Bank of Thailand prepared to ease LTV constraints
Bank, ministry talk about relaxing regs
The Bank of Thailand stands ready to further ease the loan-to-value (LTV) regulations governing mortgage lending in areas that are considered harmful to homebuyers, says the central bank's chief.
The central bank has been monitoring the outcome of the LTV measures after implementation on April 1, 2019, and relaxation will be mulled if needed, said Bank of Thailand governor Veerathai Santiprabhob.
"If any rule is too tough or leads to many side effects, the central bank is ready to relax it," he said. "The Bank of Thailand supports people owning their own homes but wants to eliminate artificial demand in the market."
The central bank recently allowed mortgage co-signers to no longer comply with the regulations.

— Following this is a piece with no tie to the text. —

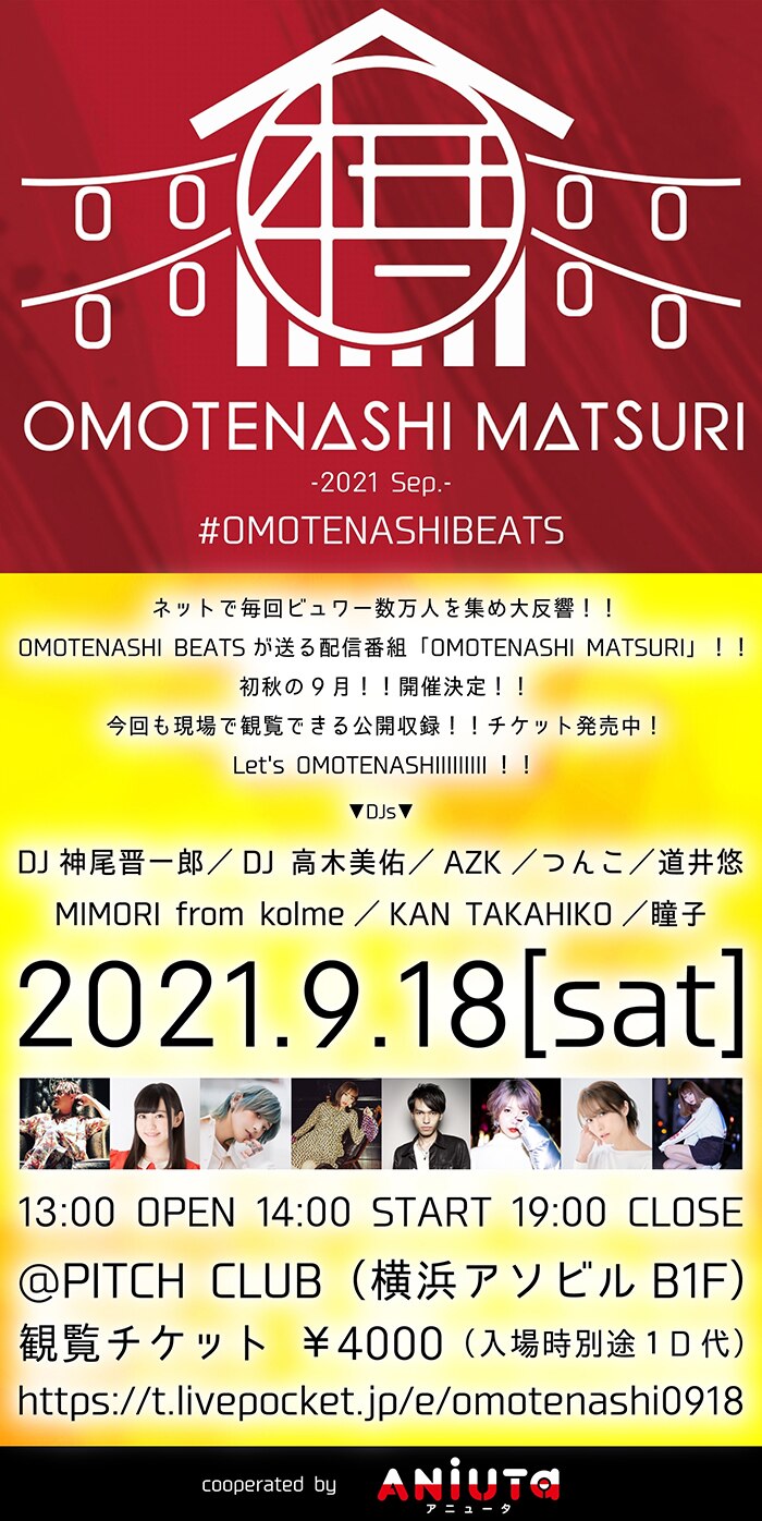 OMOTENASHI MATSURI、9/18開催決定! DJ神尾晋一郎、DJ高木美佑、AZK、つんこらOMOTENASHI MATSURIおなじみの豪華DJ陣が集結!

According to the regulations, banks are allowed to offer an LTV of 100% for mortgages for buyers of low-rise residential projects taking out their first mortgage.
Homebuyers are required to make a minimum down payment for third and subsequent mortgages of 30% of the home price, with second mortgages set at 10-20%, depending on how long a borrower has made payments on the first one.
An LTV ratio of 90-100% is a must for those planning to buy a home priced below 10 million baht, but the ratio drops to 80% when the borrower buys a residence valued at 10 million baht or higher.
For the first 11 months of 2019, both commercial banks and specialised financial institutions delivered 6.3% growth in housing loans. Low-rise residences showed a 11.8% rise, while high-rise ones shrank 7.4%.
For commercial banks alone, first-contract mortgage loans grew 3.1%, with a 5% increase in mortgages for low-rise homes and a 1.9% decrease for high-rise. Second- and subsequent-contract housing loan growth declined 17.4%, mainly due to a 25.3% slump for high-rise projects and a 10.4% decline for low-rise houses.
Based on the data, the LTV curbs have helped stem property speculation. Banks have also been more cautious about housing loan approval, and, most importantly, homebuyers with real demand have been unaffected, Mr Veerathai said.
Ronadol Numnonda, deputy governor for financial institution stability, said the central bank has talked with the Finance Ministry about relaxing the LTV rules.
Several proposals are on the table, but nothing has been finalised. A conclusion is expected to be reached this month.
Mr Veerathai said the baht has settled since the start of the year as investors no longer regard the currency as a safe haven. Analysts expect sideways movement amid heightening global uncertainty.
"The country's economic slowdown and the global uncertainties make it more difficult for investors to park money in the Thai market for short-term purposes," Mr Veerathai said. "Capital outflows have exceeded inflows, suggesting the baht has not been a safe haven for a while."
External uncertainties, especially escalating geopolitical risk between the US and Iran, are sparking foreign exchange movement worldwide.
Mr Veerathai said a spike in oil prices is expected amid US-Iran tensions, making it a suitable time for Thailand to reserve energy.
Oil imports will also help lower the current account surplus and balance the baht against the dollar, he said.